Updated to 2.6.18-274.17.1.el5.028stab097.1. Of the security issues mentioned in the Red Hat advisory referenced below, 5 are relevant to Owl's build of the kernel. Their relevance to and impact on specific Owl installs varies. Specifically, access to some /proc/<pid>/* special files was not revoked on invocation of a SUID/SGID program, which allowed for an ASLR bypass (easier exploitation of certain kinds of other security flaws if present) as well as for an additional and unintended way to interact with the program (e.g. causing it to fail with a file lock held). Since Owl does not have any SUID binaries by default (only having some SGIDs), the impact of this flaw on default installs of Owl was greatly reduced. The remaining 4 flaws fixed with this update are either reliably known or currently understood to be limited to local denial of service (DoS), one of them requires that a specially-crafted corrupted ext3 or ext4 filesystem be mounted, and two are in the NFS client and thus require an NFS mount to be present and accessible to a local attacker. Please refer to the CVE IDs and other references below for more detail. References:

2012/01/25	Package: kernel
SECURITY FIX	Severity: medium, local, passive

Updated to 2.6.18-274.12.1.el5.028stab096.1, enabled build of the VIA Rhine NIC driver (as a module). Although the corresponding RHEL update fixed multiple vulnerabilities, only the taskstats io infoleak (CVE-2011-2494) is relevant to Owl kernel builds. References:

2012/01/25	Package: kernel
SECURITY FIX	Severity: low to medium, local/remote, active

Updated to -274.7.1.el5.028stab095.1, which contains fixes for multiple local and remote DoS vulnerabilities, including via triggering an ext4 filesystem implementation bug with writes into the last block of a file in certain special circumstances, mremap(2) syscall, receiving of a specially crafted packet when GRO is enabled, receiving of a specially crafted packet on a bridge device, and via clock_gettime(2) syscall. This kernel revision also improves the randomness of IPv4 sequence numbers by moving from a 24-bit random component generated using MD4 plus a timer-based component to the full 32-bit numbers generated using MD5. Owl is not affected by the rest of vulnerabilities reported in the referenced Red Hat advisory as we don't build the corresponding components. Also included with this update is an OpenVZ fix of "loosing socket permissions in /dev with udev+tmpfs during CT restore (live migration)", which may be relevant to certain non-Owl OpenVZ containers being live-migrated on Owl host systems. Finally, we've changed the default for CONFIG_PCNET32 from =m to =y for ease of use under VMware, which emulates NIC of this type by default. References:

2012/01/25	Package: hardlink

Fixed a bug in a code path triggered on error.

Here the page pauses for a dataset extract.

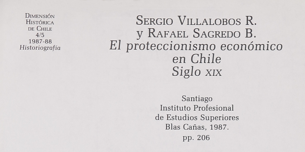 Sergio Villalobos R. y Rafael Sagredo B. "El proteccionismo económico en Chile siglo XIX"
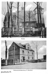 Lata 1930-1935 , Na górnym zdjęciu kościół św.Katarzyny z XVI wieku przeniesiony w latach 1975 – 1976 do Rybnika-Wielopola; na dolnym budynek ze sklepem spożywczym R. Schafrona. Kościół znajdował się w pobliżu dzisiejszego kościoła parafialnego.Skomentuj zdjęcie

2012/01/25	Package: owl-startup

Added VLAN support (patch by Piotr Meyer).

2011/10/26	Package: tzdata

Updated to 2011m.

2011/10/24	Package: pam
SECURITY FIX	Severity: none to high, local, active

Applied upstream fixes for two vulnerabilities in pam_env. This module is not in use on default installs of Owl, and it never was, hence there was no impact for default installs. References:

(2011/10/09 - 2011/10/15)
2011/10/24	Packages: tzdata, glibc; Owl/build/installorder.conf

Moved timezone data files from glibc to new package tzdata, updated it to version 2011l.

2011/10/24	Package: hardlink

New package: a program to consolidate duplicate files via hardlinks.

2011/10/24	Package: rpm
SECURITY FIX	Severity: high, indirect, passive

Applied a fix for crash and potential arbitrary code execution when processing a malformed/malicious package file. Although an RPM package can, by design, execute arbitrary code when installed or even during installation, this issue would potentially allow a specially-crafted RPM package to execute arbitrary code when the package metadata is merely queried, including for digital signature verification. Note that for Owl RPM packages we do not rely on RPM's support for signatures; instead, we sign *.mtree files. Please continue to verify detached GnuPG signatures that we provide for such files with gpg(1), and then verify RPM package files against the message digests found in *.mtree files with mtree(8) (both of these tools are part of Owl). This kind of verification was unaffected by this RPM issue. Please note that use of RPM on untrusted package files, even if just to verify a signature, remains risky despite of this recent fix: RPM package format and processing are complicated, so further issues of this kind are likely. References:

2011/10/24	Package: SysVinit

Applied a patch to set the shell name to /bin/bash, not /bin/sh, such that colored ls output is enabled on our LiveCD.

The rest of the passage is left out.